*WHAT IS EXPECTED*
Only the lines below between the one holding "2.开发→接口权限→网页服务→网页授权→申请(已开通忽略)" and the one holding "Aluminum framed sliding/folding", inclusive, are to be reproduced word for word; the pictures are to be left out.

*EXERCISE INPUT*
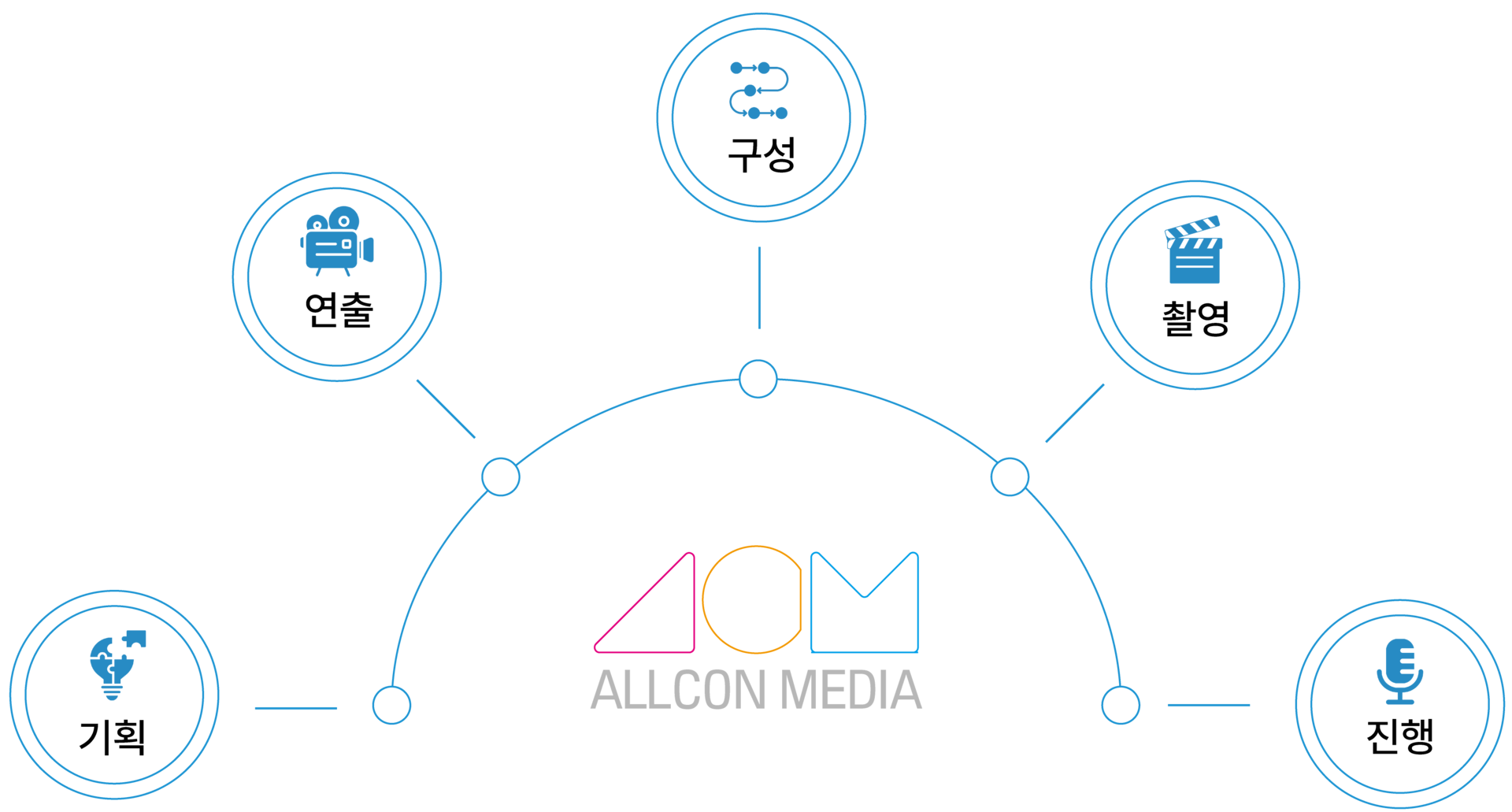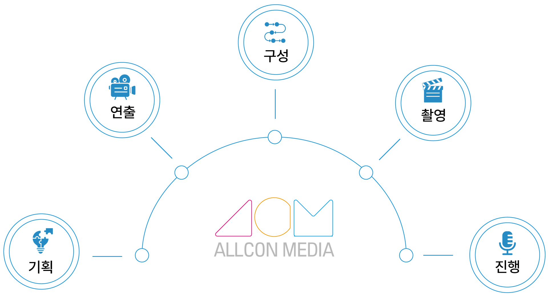 올콘미디어는 프로듀서, 방송작가, 아나운서 등 콘텐츠 기획 • 제작 전문가들로 구성되었습니다.
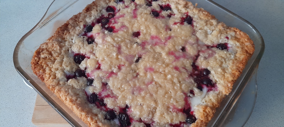На дворе декабрь, а у меня в морозильнике черная смородина заморожена. Буду делать пирог для приятного зимнего чаепития. Способ приготовления В начале в миску на терке тру пачку сливочного масла 72% (180-200 грамм) К маслу добавляю пять столовых ложек сахарного песка и полтора стакана просеянной муки Туда же разбиваю два яйца и насыпаю небольшую щепотку соли Добавляю один пакетик разрыхлителя и одну столовую ложку любого майонеза Всё перемешиваю руками недолго и готовое песочное тесто делю на две части. Одну часть убираю в морозильник, а другую в холодильник на 15-20 минут Достаю тесто из холодильника и укладываю его на промазанную сливочным маслом огнеупорную стеклянную форму Делаю заливку из одной баночки сметаны 15 % и пяти столовых ложек сахарного песка с одним пакетиком сахарного ванилина и двумя чайными ложками крахмала. Я перемешиваю все вилочкой до растворения сахарного песка и выливаю на тесто сметанную заливку Достаю замороженную черную смородину из морозильника и выклады
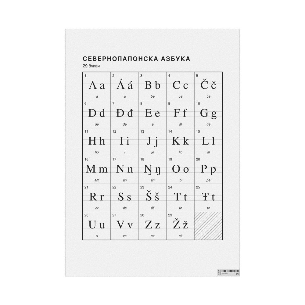 - Linguists and philologists - For both professionals and hobbyists, this alphabet print serves as a piece of linguistic art that presents the character inventory of Northern Sámi as a linguistic (graphemic) dataset. Add this to your Northern Sámi collection to complement your studies and research. A mixture of Northern Sámi letters and Macedonian metatext makes it a unique, visually intriguing illustration of linguistic diversity and interaction.
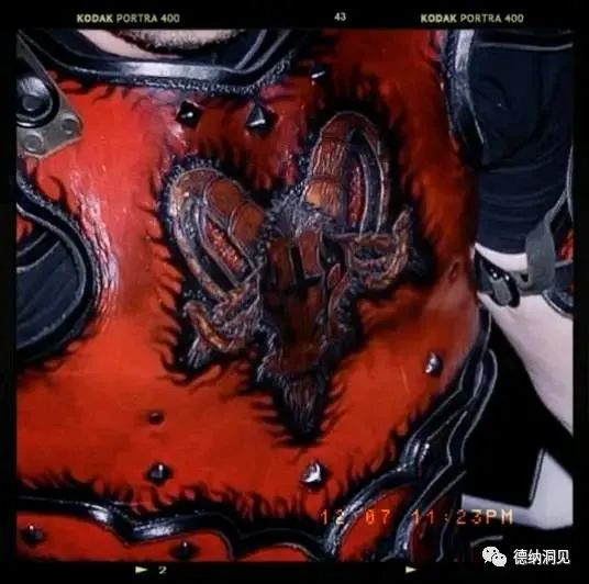 【钢铁侠服装上的光明会羊角崇拜图滕特写】
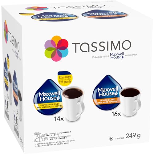 - One 249G box of Tassimo Maxwell House Coffee Variety Pack T-Discs (30 t-discs), 14 Maxwell House Morning Blend T-Discs & 16 Maxwell House House Blend T-Discs, Each T-Disc makes one 8 fl oz/236 ml cup of coffee, T-Discs compatible with Tassimo brewers, Maxwell House Coffee: Good to the Last Drop
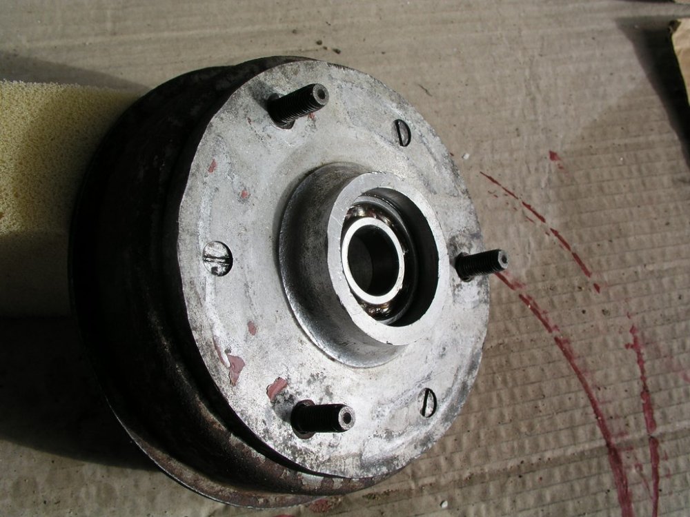 C'est seulement en remontant les moyeux et les tambours que je me suis rendu compte que d'un coté cela boitait un peu et que, du coup les têtes de goujons de roues touchaient le mécanisme de freinage (came) à chaque rotation, le roulement intérieur avait battu dans son logement.
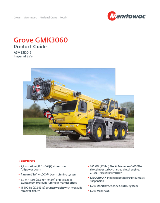 格魯夫GMK3060-1全地面起重機(jī)性能表
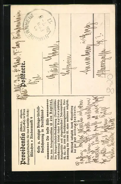 Künstler-AK Providentia Kriegs-Unfall-Versicherung
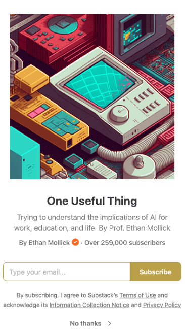 Ethan Mollick is a professor of Management at Wharton, with expertise in entrepreneurship and innovation. He writes regularly about developments in GenAI applications in teaching and research, and impact on innovation. He posts regularly on LinkedIn, writes on his blog, co-authored the book Co-Intelligence, developed videos… you get the idea. He is very generous with his time and knowledge and and, most importantly, makes complex ideas very simple.
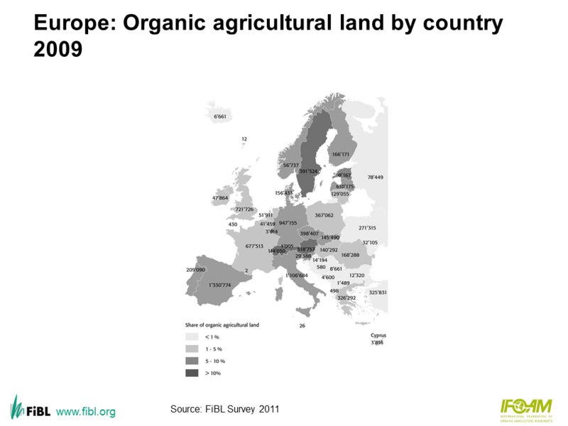 Map: Europe: Organic agricultural land by country 2009
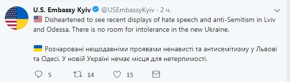 "Разочарованы недавними проявлениями ненависти и антисемитизма во Львове и Одессе. В новой Украине нет места для нетерпимости", - сказано в нем.
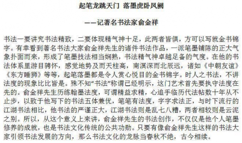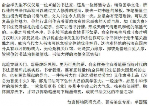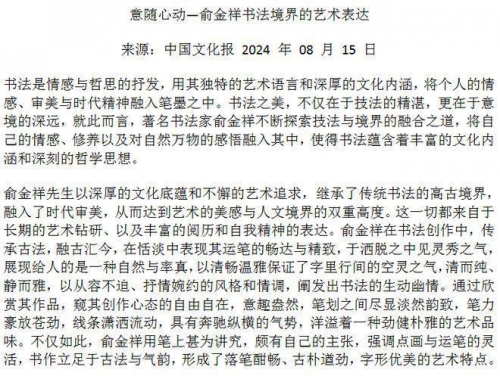 俞金祥,字石人,1934年出身于浙江省嵊州市殿前村,刘海粟先生再传弟子。从事书法美术教育五十多年。所创作品,笔墨传统过硬,构思奇特,布局疏密有致。开创书法创新新格局,为中国传统书法艺术之花输液、添彩、增光。其作品笔墨精妙、别开生面、自成一家,深受业界同仁认可。虎字2012年在法国卢浮宫展出7天,作品多次在海外十多国展出,“龙”、“虎”、“和”选为国礼赠送外国政要,荣获“国际艺术泰斗”称号。俞金祥《两岸一家亲》作品有中华收藏家协会(台湾)收藏,同时荣获“台北故宫国际艺术奖”。被中国文学艺术界联合会评为《国家特级书画家》。2023年,被评为中国国宾礼艺术家。主要入编有:中国艺术档案出版社出版的《中国传承大师》、东方华夏文化遗产保护中心编制的《华夏遗产·艺术之巅》、中国文艺出版社出版的《当代书史一一名家经典作品范本》,2024年出版的《中国书法全集》的封面设计采用俞金祥的作品!俞金祥的头像与作品多次作为封面人物刊载于经典性的书画合集中。个人出版有《俞金祥三体书法集》被定为孔子学院书法辅导教材,纪念“一带一路”倡议十周年《俞金祥个人专集》。2024年出版《中国美术教育名师名作教学范本一一俞金祥书画作品选集》。2024年11月参与“一带一路·美美与共国际艺术交流展”2022年6月央视华夏儿女栏目组、华夏儿女传承艺术之星评选组委会特授予俞金祥《“华夏儿女》-优秀艺术传承之星”荣誉称号,2022年8月中国民族艺术品牌领航人物组委会、电视《文化强国》栏目组特授予“民族艺术品牌领航人物”荣誉称号,同年又荣获“吉尼斯世界艺术终身成就奖”,授予“吉尼斯最具收藏价值艺术家”荣誉称号。
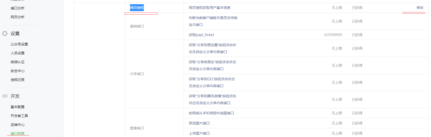 2.开发→接口权限→网页服务→网页授权→申请(已开通忽略)
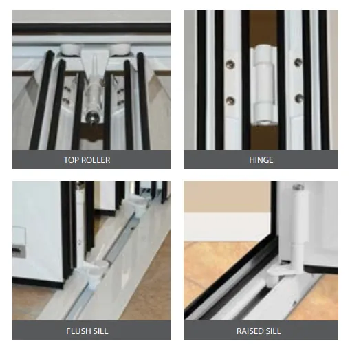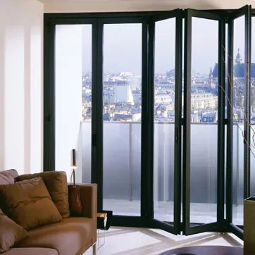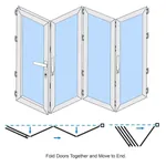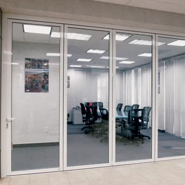 Aluminum framed sliding/folding glass wall system, including frame, threshold, panels, sliding/folding and locking hardware, weather stripping, glass and glazing. Designed to provide an operable glass wall, with sizes and configurations as shown on drawings.
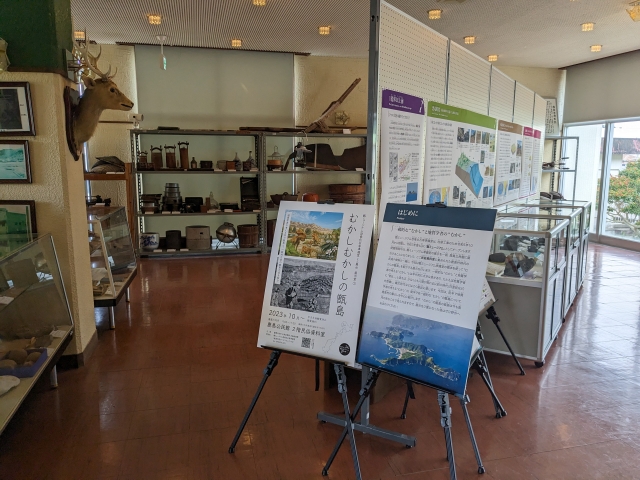 2階の展示室①では「むかしむかしの甑島」という展示が。一般人が考えるむかしと地質学者のむかしを比較した展示で、一般人は民俗資料と合わせて旧石器時代から、地質学者は1億年以上前からと比較されていました。
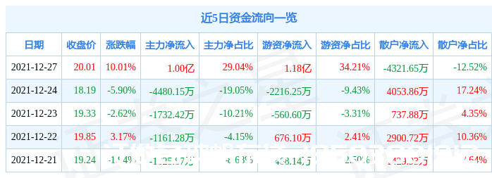 資金流向數(shù)據方面,當日主力資金凈流入1.0億元,游資資金凈流入1.18億元,散戶資金凈流出4321.65萬元。近5日資金流向一覽見下表:
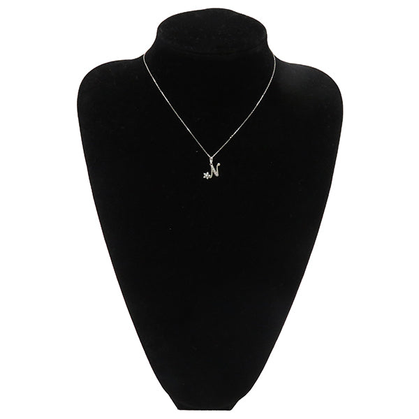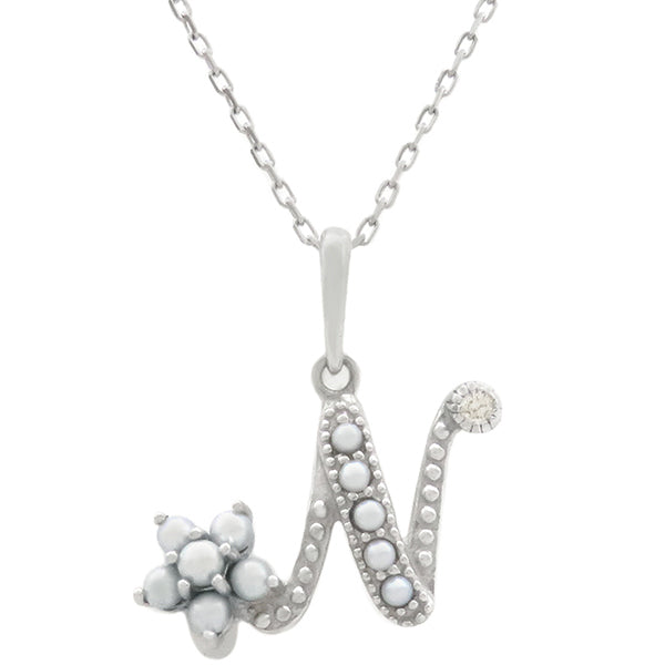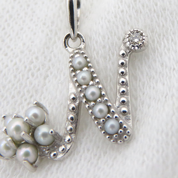ノンブランド NON BRAND パール ペンダント ホワイトゴールド K18WG パール ダイヤモンド ネックレス Nモチーフ 1Pダイヤ
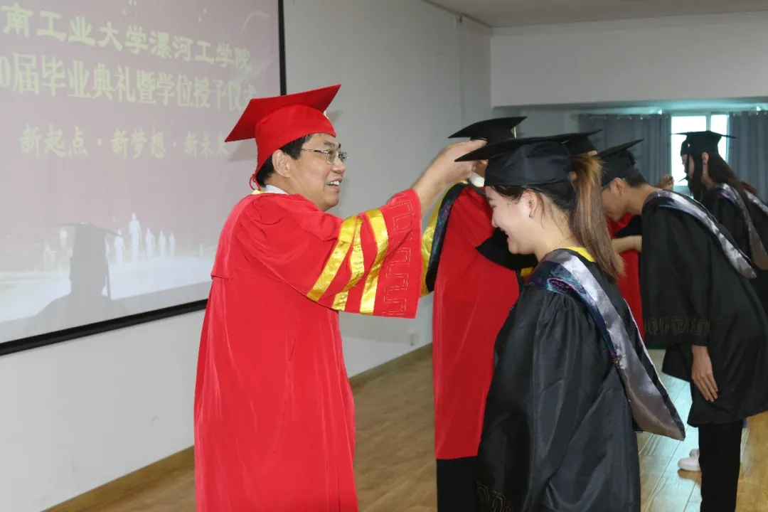 河南工业大学漯河工学院校长王春阳教授为毕业生拨穗
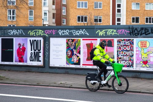 There’s an intriguing aspect to this 2022 archival art trail across the city in that the contemporary display sites either feature in Dimmick’s original photograph or are close by to where he took the pictures. Tying together the past and the present, the displays were celebrated by art walks with the photographer, reflecting on his images and practice in-situ. By means of that comparison we’re able to witness the urban environment in a state of variously paced but constant change. The image 1 White Street, Glasgow (1996) is a subtly textural and tonal composition of an otherwise unprepossessing corner of the city. Its only ‘remarkable’ feature is the hand-painted lightning strike on a street-level dummy window. Nowadays the same building is a garish purple and orange estate agents with a lurid commercial notice where the graffiti bolt used to be.
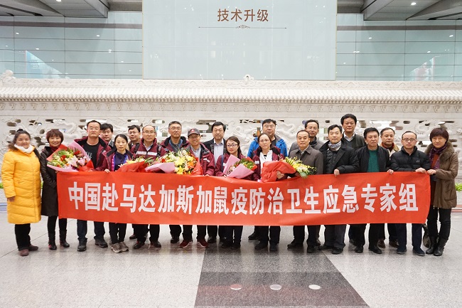 11月26日,中国赴马达加斯加鼠疫防治卫生应急第一批专家组完成任务后顺利回国。第一批专家组共9人,含6名鼠疫防控专家和3名临床专家,分别来自中国疾病预防控制中心、甘肃省疾病预防控制中心、吉林省地方病第一防治研究所和北京地坛医院。此次赴马达加斯加援助当地鼠疫防控工作专家组,以严谨的工作作风和积极有为的姿态投身鼠疫防控,践行习近平新时代中国特色社会主义思想,贡献中国智慧,彰显世界担当。
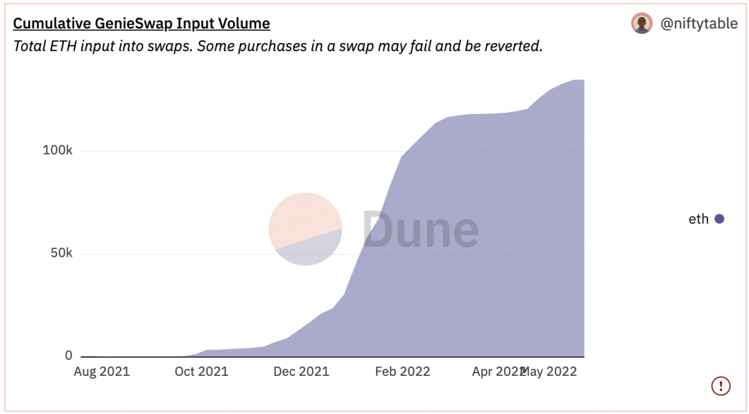 随着时间推移,更能节约 Gas Fee 的聚合器协议 gem.xyz 横空出世。在大幅度减少 Gas Fee 与更友善的 UI 设计下,Gem.xyz 快速将 Genie 的先发优势吞噬,并在 NFT 聚合战中获得大幅领先,目前每日使用量几乎是 Genie 的 5 倍 (Dune Analytics @sohwak, 2022),且配合上架分析与用任意 ERC20 代币支付手续费的设计,持续提升用户黏性。虽然 Genie 后续与 Looksrare 等陆续有其他合作出炉,但用户已经习惯了使用 Gem.xyz。
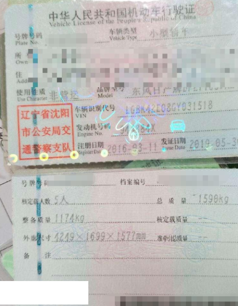 车辆归属地 辽宁省沈阳市 车辆停放仓库 辽宁省葫芦岛
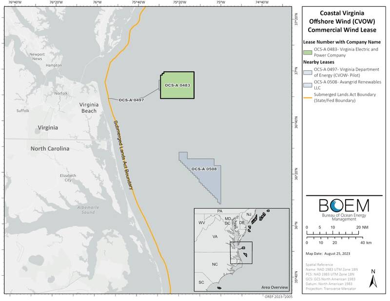 (OE) The U.S. Bureau of Ocean Energy Management (BOEM) said Monday it had completed its environmental review of the proposed 3GW Coastal Virginia Offshore Wind (CVOW) commercial project, which BOEM estimates could power about 1 million households, if approved.
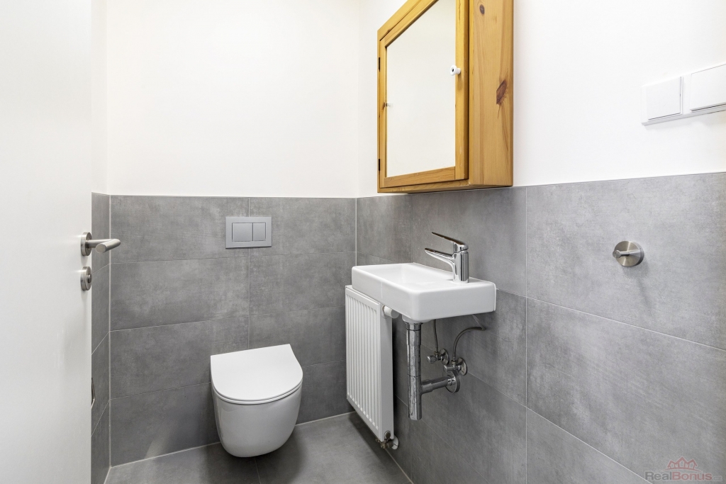 Ve všech pokojích v domě je filtrační rekuperace. V koupelnách jsou nové skříňky pod umyvadlo s úložnými prostory. Dům je vhodný pro rodiny s dětmi i zahraniční klientelu. V domě je také technická místnost, součástí nájmu je i pračka a sušička. Dům je možné si pronajmout nezařízený, nebo po dohodě s majitelkou ponechat část vybavení. Dům je k dispozici od 1. 7. 2026. Venkovní terasa je kompletně zařízená a veškeré vybavení je součástí nájemného.
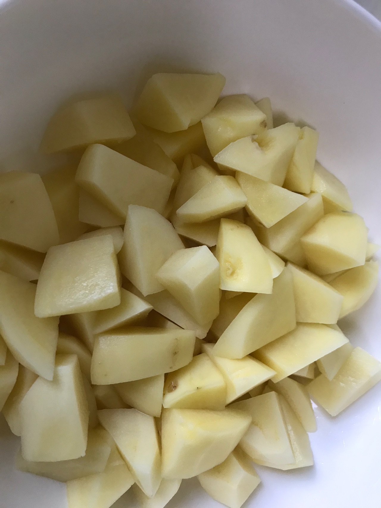步骤1:土豆切小块,用厨房纸多吸掉一些水分

*PROBLEM SOLUTION*
 2.开发→接口权限→网页服务→网页授权→申请(已开通忽略)
 Aluminum framed sliding/folding glass wall system, including frame, threshold, panels, sliding/folding and locking hardware, weather stripping, glass and glazing. Designed to provide an operable glass wall, with sizes and configurations as shown on drawings.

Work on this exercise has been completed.